→ **Brief**
Reproduce exactly, and only, the lines of the material below running from the line bearing "Bank since 1965." through the line bearing "이런 페이지가 나오는데 여기서 단계별로 명령어 입력해서 WSL 설치하기 진행". Leave any pictures out.

→ **Extracted entries**
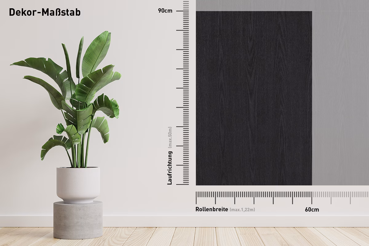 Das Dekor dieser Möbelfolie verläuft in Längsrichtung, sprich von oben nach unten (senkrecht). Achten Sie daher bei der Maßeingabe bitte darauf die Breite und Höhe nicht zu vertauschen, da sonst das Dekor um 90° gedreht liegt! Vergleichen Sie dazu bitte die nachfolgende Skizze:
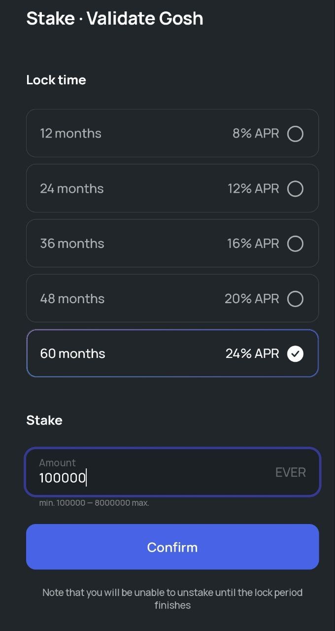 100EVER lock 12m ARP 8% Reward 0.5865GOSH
* * *
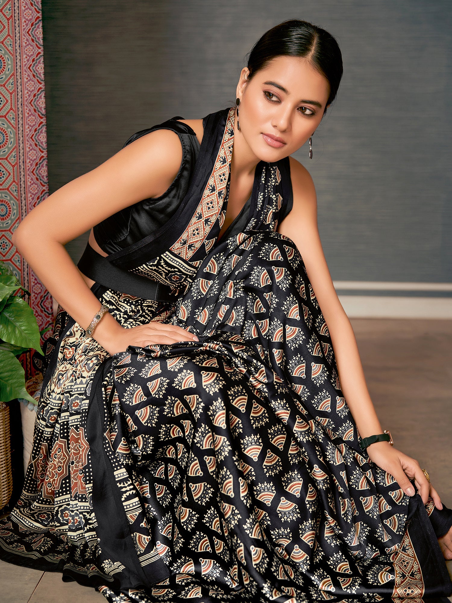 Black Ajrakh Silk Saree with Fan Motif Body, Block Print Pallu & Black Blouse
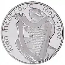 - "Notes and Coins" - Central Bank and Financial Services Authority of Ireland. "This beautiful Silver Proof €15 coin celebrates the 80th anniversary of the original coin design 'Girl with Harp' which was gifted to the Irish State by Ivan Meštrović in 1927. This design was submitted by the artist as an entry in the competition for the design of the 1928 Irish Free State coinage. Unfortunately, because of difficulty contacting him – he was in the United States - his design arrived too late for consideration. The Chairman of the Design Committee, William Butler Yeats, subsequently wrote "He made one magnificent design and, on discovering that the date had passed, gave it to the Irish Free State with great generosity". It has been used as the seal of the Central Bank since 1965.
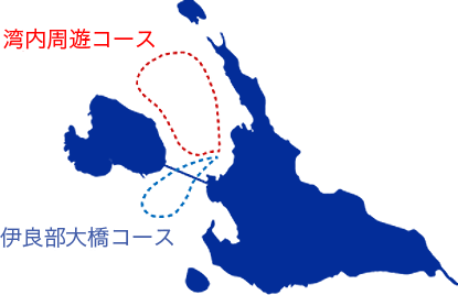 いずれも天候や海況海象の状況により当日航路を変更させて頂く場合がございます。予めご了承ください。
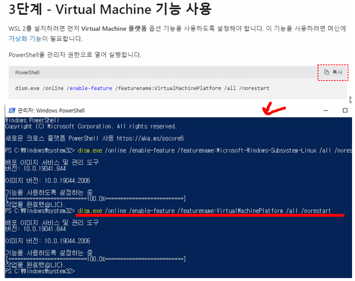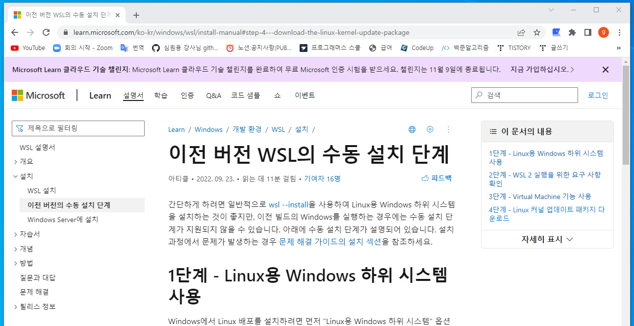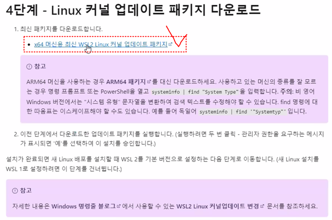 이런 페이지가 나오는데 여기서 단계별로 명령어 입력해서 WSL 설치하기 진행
==
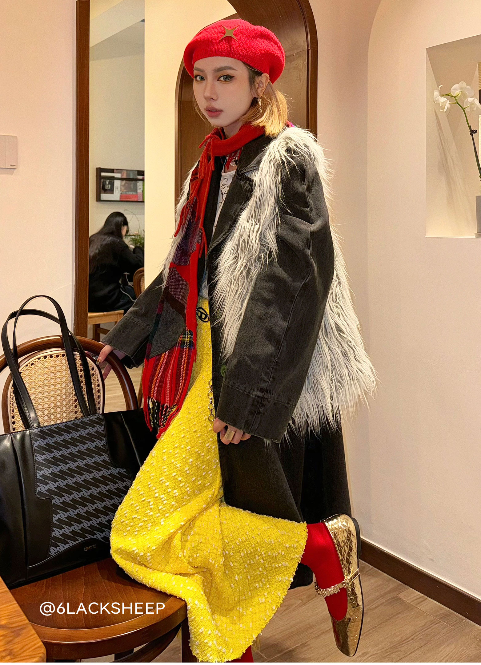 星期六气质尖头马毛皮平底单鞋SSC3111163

→ **Written reply**
 - "Notes and Coins" - Central Bank and Financial Services Authority of Ireland. "This beautiful Silver Proof €15 coin celebrates the 80th anniversary of the original coin design 'Girl with Harp' which was gifted to the Irish State by Ivan Meštrović in 1927. This design was submitted by the artist as an entry in the competition for the design of the 1928 Irish Free State coinage. Unfortunately, because of difficulty contacting him – he was in the United States - his design arrived too late for consideration. The Chairman of the Design Committee, William Butler Yeats, subsequently wrote "He made one magnificent design and, on discovering that the date had passed, gave it to the Irish Free State with great generosity". It has been used as the seal of the Central Bank since 1965.
 いずれも天候や海況海象の状況により当日航路を変更させて頂く場合がございます。予めご了承ください。
 이런 페이지가 나오는데 여기서 단계별로 명령어 입력해서 WSL 설치하기 진행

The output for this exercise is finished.